For developers 11 comes with Netbeans 6.5, Windows Cross Compiler, Python 2.6 and integrating Linux Tools OProfile and Valgrind into Eclipse IDE. Windows Cross Compiler is interesting as it enables programmers to build windows softwares right off their system.

Virtualization hasn’t been left off either. Virtual guests have improved graphical consoles with accurate mouse pointer and higher screen resolution. With SASL authentication introduced one does not require to tunnel through SSH to access VNC servers (VNC is been use to interact with QEMU remotely.) Kvm and QEMU have been merged into a single package which makes sure qemu does not lag behing kvm.
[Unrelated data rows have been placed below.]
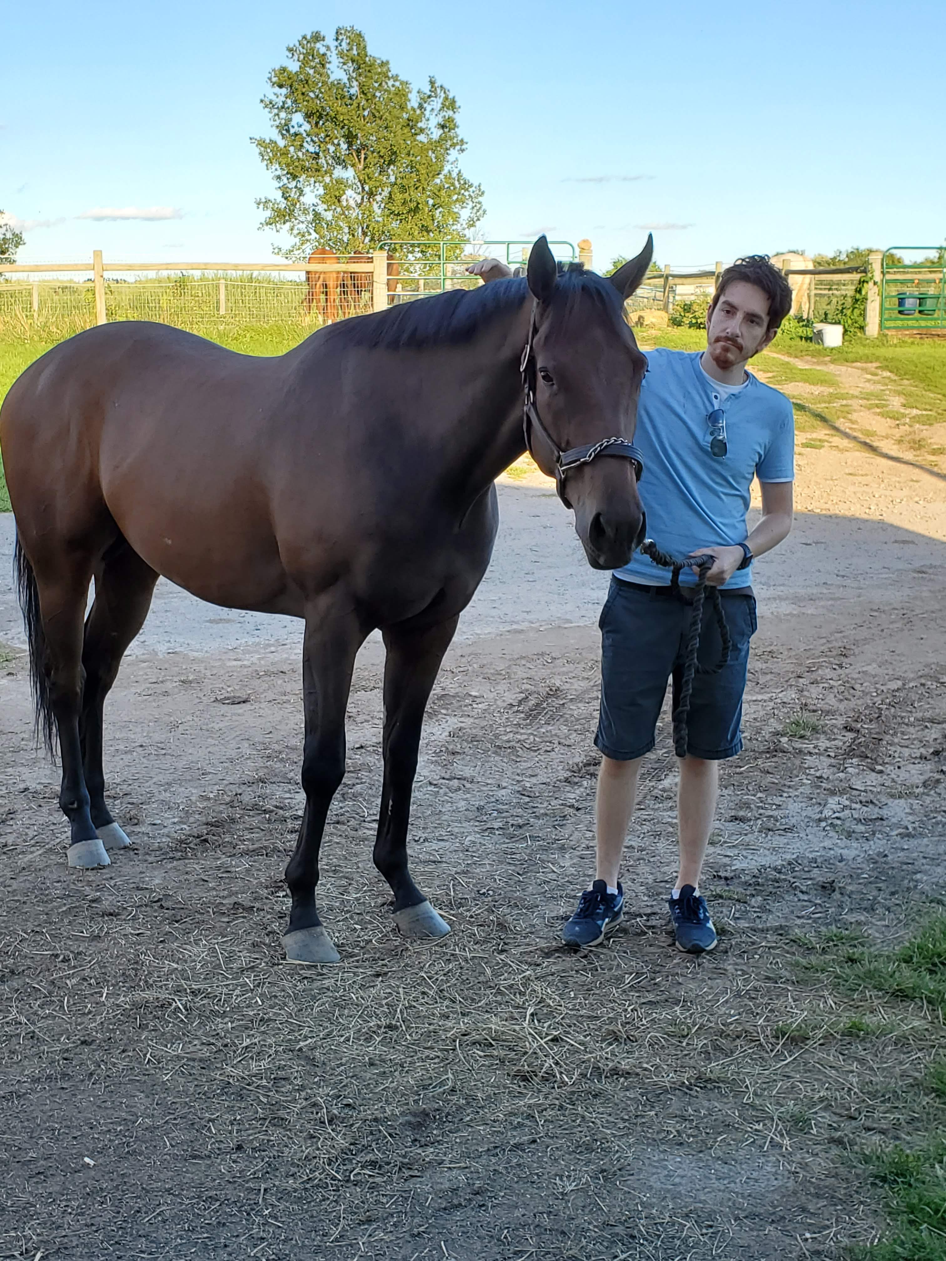 Kona is a super sweet gelding who I purchased from a Finger Lakes Racetrack trainer in September of 2020. He was unraced, unregistered and untattoo-ed. He had very minimal track training and was basically too big to be fast.
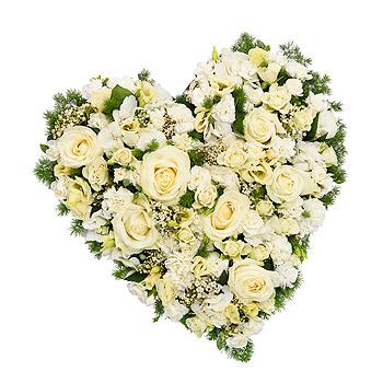 A classic white Rose and Hydrangea heart with Carnations and cream Lisianthus.
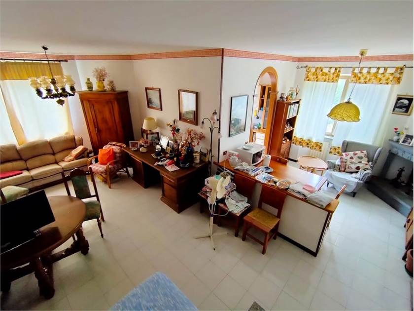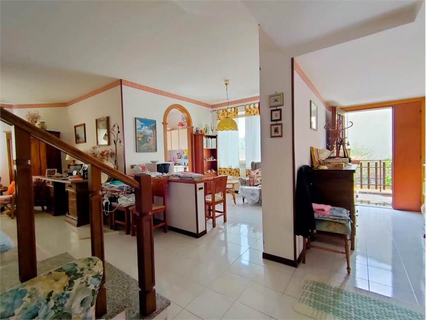 Internamente l'abitazione è divisa su tre livelli per una metratura totale di 220 mq composta da ingresso, soggiorno, tinello con camino, cucinotto e bagno al piano rialzato, 2 camere matrimoniali con terrazza, 1 ulteriore camera matrimoniale, cameretta con balcone, bagno e soffitta al piano superiore.
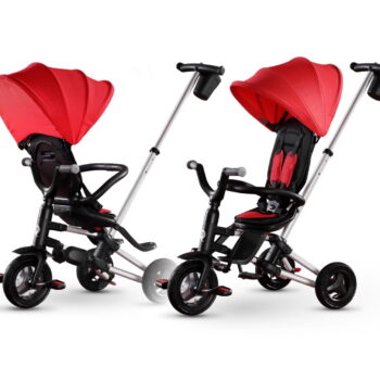 Zložljivi tricikel NOVA+ je zasnovan za udobje in varnost dojenčkov. NOVA+ je stabilen in varen, ima moderno aluminijasto konstrukcijo, udoben, oblikovan sedež ‘360’, ki omogoča gibanje naprej ali nazaj. Za sestavljanje ne potrebujete nobenega orodja – sistem hitrega zlaganja omogoča, da kolo zložite v nekaj preprostih gibih. Kolo je opremljeno z ograjo, ki preprečuje padec otroka, pettočkovnimi varnostnimi pasovi in oporami za noge. Po odstranitvi krmila, ograje, kabine in prevleke sedeža bo NOVA+ služil kot klasičen tricikel za samostojnega malega kolesarja. Gumijasta kolesa brez zračnice zagotavljajo udobje vožnje. Funkcija prostega teka omogoča starševski nadzor za mirno sledenje označeni poti. Kombinacija aluminijaste konstrukcije in elementov iz visokokakovostnih materialov zagotavlja vzdržljivost. Zahvaljujoč funkciji zlaganja je tricikel enostavno prevažati. DIMENZIJE IZDELKA:
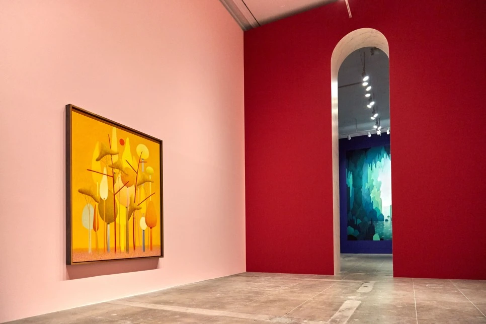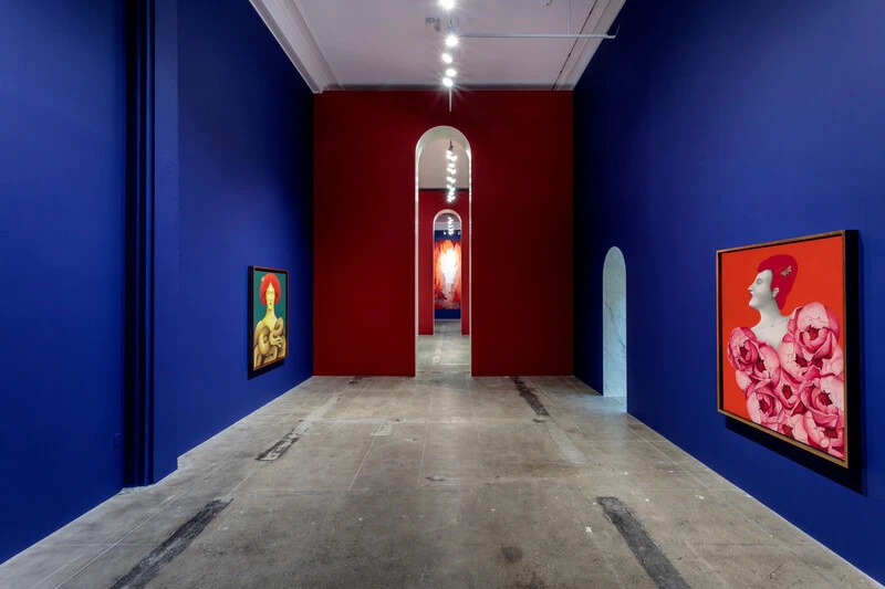하우저 앤 워스와 처음으로 함께한 전시 프로젝트 '니콜라스 파티: Sottobosco'전(2020) .하우저 앤 워스 로스 앤젤레스에서 개최되었다. 아치형으로 구성한 벽과 다채로운 작품이 걸려 있다. ⓒJoshua White, ⓒAustin Radcliffe
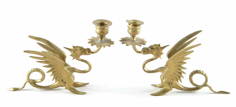 PAIR OF BRASS DRAGON CANDLESTICKS. Figural dragon form holds candle cup from stem in mouth, each having separated brass bobeches. SIZE: 6-1/2” h x 9” l. CONDITION: Very good. 9-97766 (100-150)
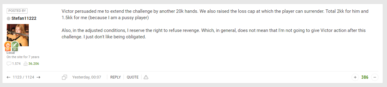 Stefan ogłosił na swoim blogu, że zdecydował się na przyjęcie warunków, które zaproponował mu Polak. Oznacza to, że pojedynek będzie wydłużony o koleje 20.000 rozdań, a każdy z graczy będzie mógł opuścić grę: Wiktor jeśli będzie na minusie 2.000.000$, a Stefan 1.500.000$, bo według naszego gracza jest, jakby tu powiedzieć, żeby za bardzo nie przeklinać, „bardziej dowcipnym graczem…”.
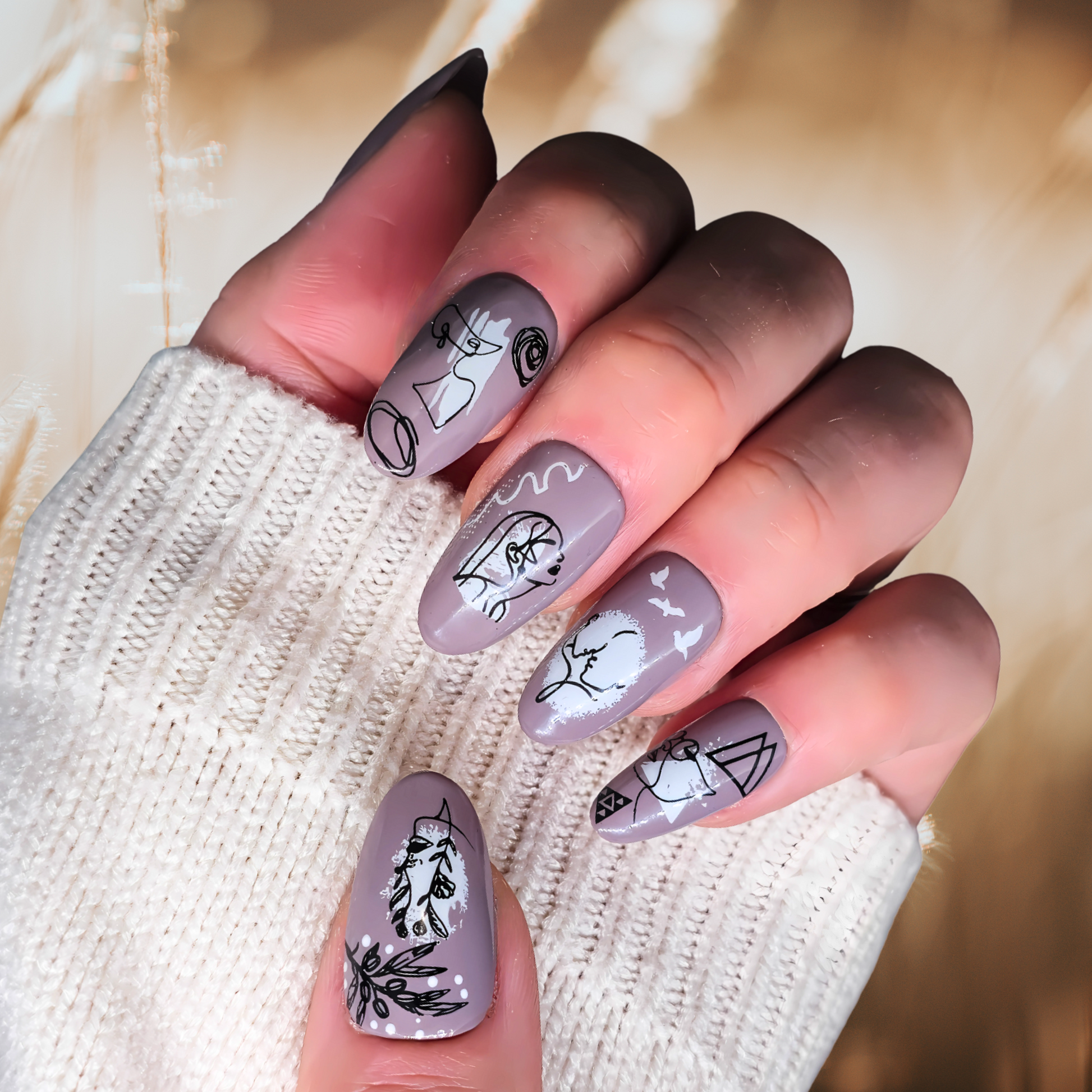 Une pensée qui s'épanche en silence. Des visages dessinés d'un seul souffle, des lignes qui racontent sans un mot, une poésie en suspension. Chaque ongle devient une scène où l'âme s'exprime — libre, sensible, infiniment elle.
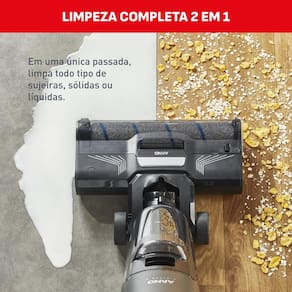 • Solução 2 em 1: Aspira e lava ao mesmo tempo, economizando metade do seu tempo.
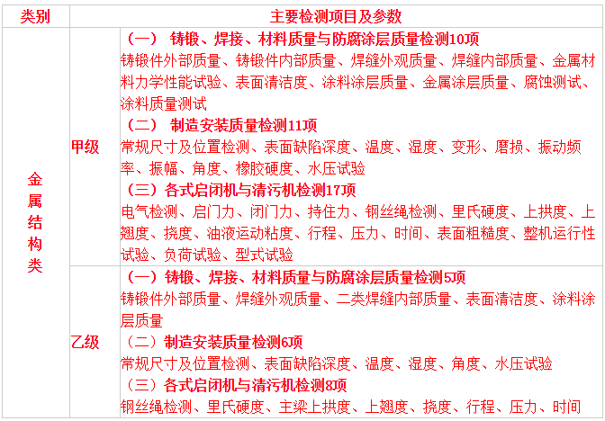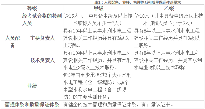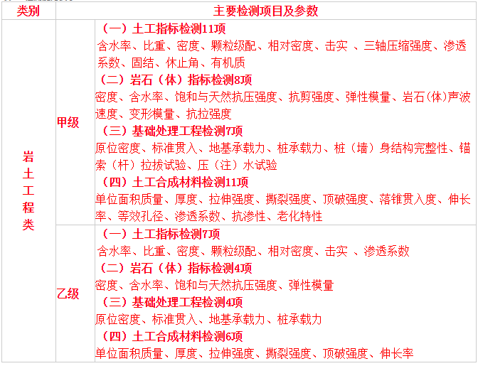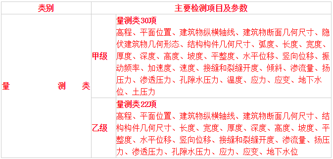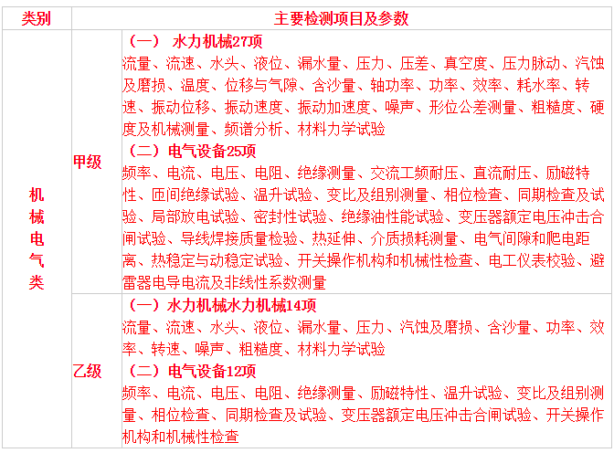 水利工程質量檢測單位資質分為巖土工程、混凝土工程、金屬結構、機械電氣和量測5個類別,每個類別分為甲級、乙級2個等級
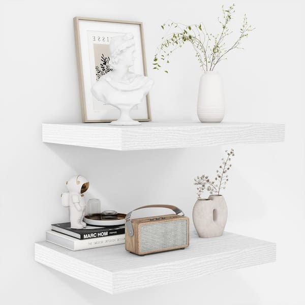 16 in. W x 12 in. D Rustic White Floating Shelves Decorative Wall Shelf 2-Pack

Underlying features that support the release are rpm 4.7, rewrite of anaconda storage, DNSSEC, DRI2 for better 3d support and compositing manager, gcc 4.4, IBus, improved interaction of GDM with PAM, update of the radeon r100/r200 3D drivers,Nouveau as default driver for NVIDIA graphic cards, stronger hashes and couple of others too.

This release has got me more excited than 10. The features as the wiki says it “dwarfs any other release”. It looks very promising and the future for Fedora seems brighter. It is definitely a brilliant milestone after 10 releases.